━━━ The data ━━━
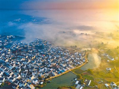 1月19日,广西壮族自治区崇左市扶绥县渠黎镇渠新村在薄雾间若隐若现。
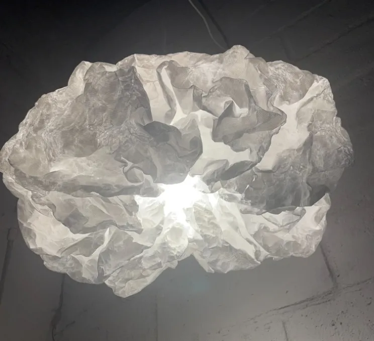 Inspirée par la douceur des nuages et leurs formes organiques, ce luminaire apporte une touche de légèreté à votre intérieur. Confectionnée à partir de Tyvek, un matériau qui allie l’aspect délicat du papier à une incroyable résistance aux déchirures et aux UV, Cloudy diffuse une lumière douce et chaleureuse. Avec son design vaporeux et ses plis délicatement façonnés, ce luminaire poétique « vous garde la tête dans les nuages » comme l’explique sa créatrice.
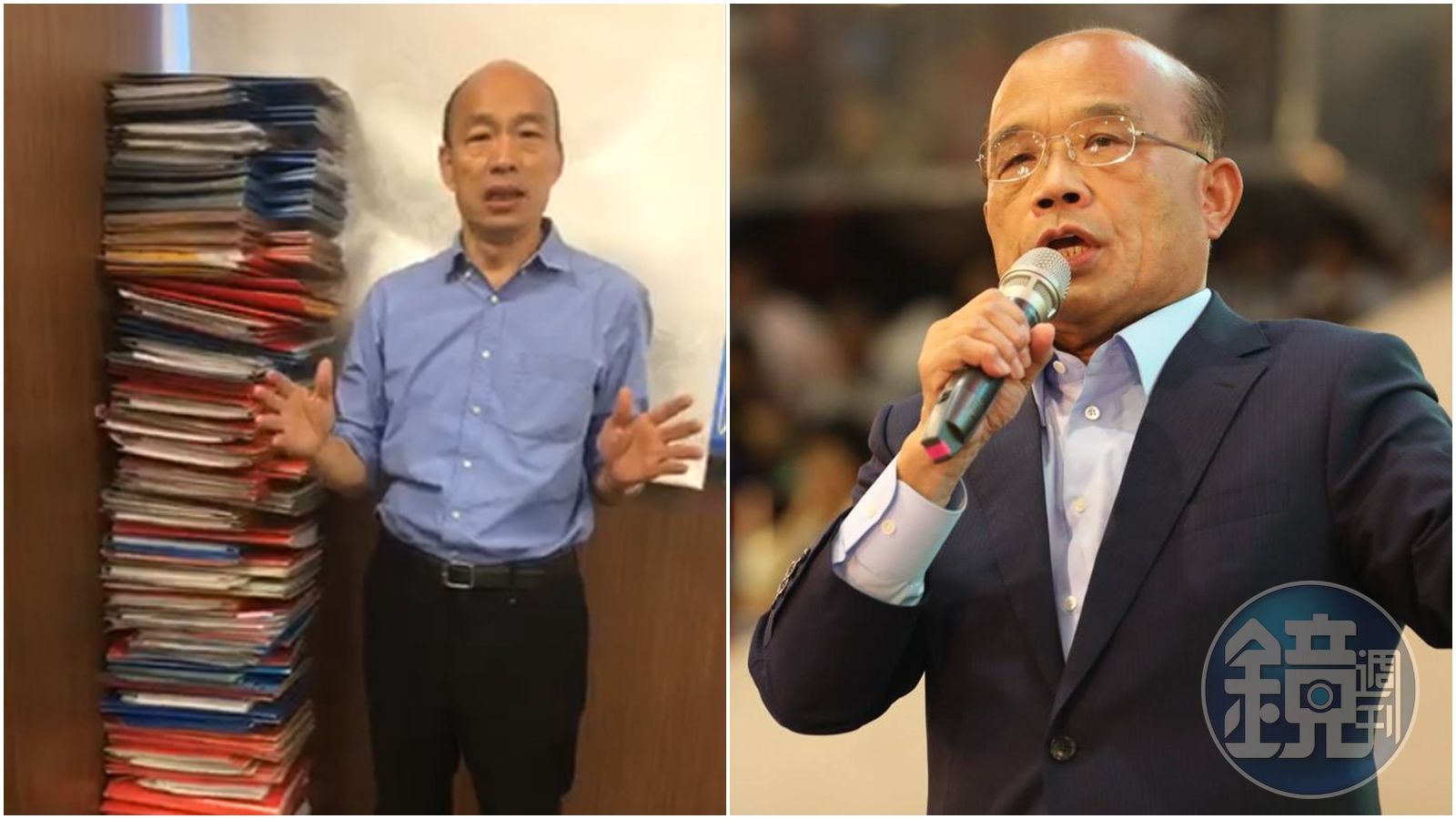 韓國瑜以「立志當全台灣最認真的市長」為題開直播,把之前批過的公文調出疊成和他身高等高,針對批公文大賽隔空叫陣蘇貞昌。韓也強調政府要有集體的結合,並信任文官體制和分層負責,稱首長在政策規劃或決定時,一定要有優秀的政務官和事務官配合,這是高雄市府最重要的精神。
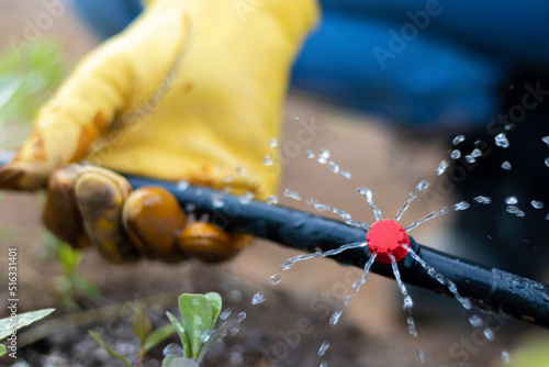 Close up view of hand holding a drip irrigation pipe while watering the vegetables in the process of growing
━━━
» Work to complete: Nothing but the lines from the beginning of the material through the line with "Inspirée par la" should appear, printed exactly, with no pictures among them.

» Written answer:
 1月19日,广西壮族自治区崇左市扶绥县渠黎镇渠新村在薄雾间若隐若现。
 Inspirée par la douceur des nuages et leurs formes organiques, ce luminaire apporte une touche de légèreté à votre intérieur. Confectionnée à partir de Tyvek, un matériau qui allie l’aspect délicat du papier à une incroyable résistance aux déchirures et aux UV, Cloudy diffuse une lumière douce et chaleureuse. Avec son design vaporeux et ses plis délicatement façonnés, ce luminaire poétique « vous garde la tête dans les nuages » comme l’explique sa créatrice.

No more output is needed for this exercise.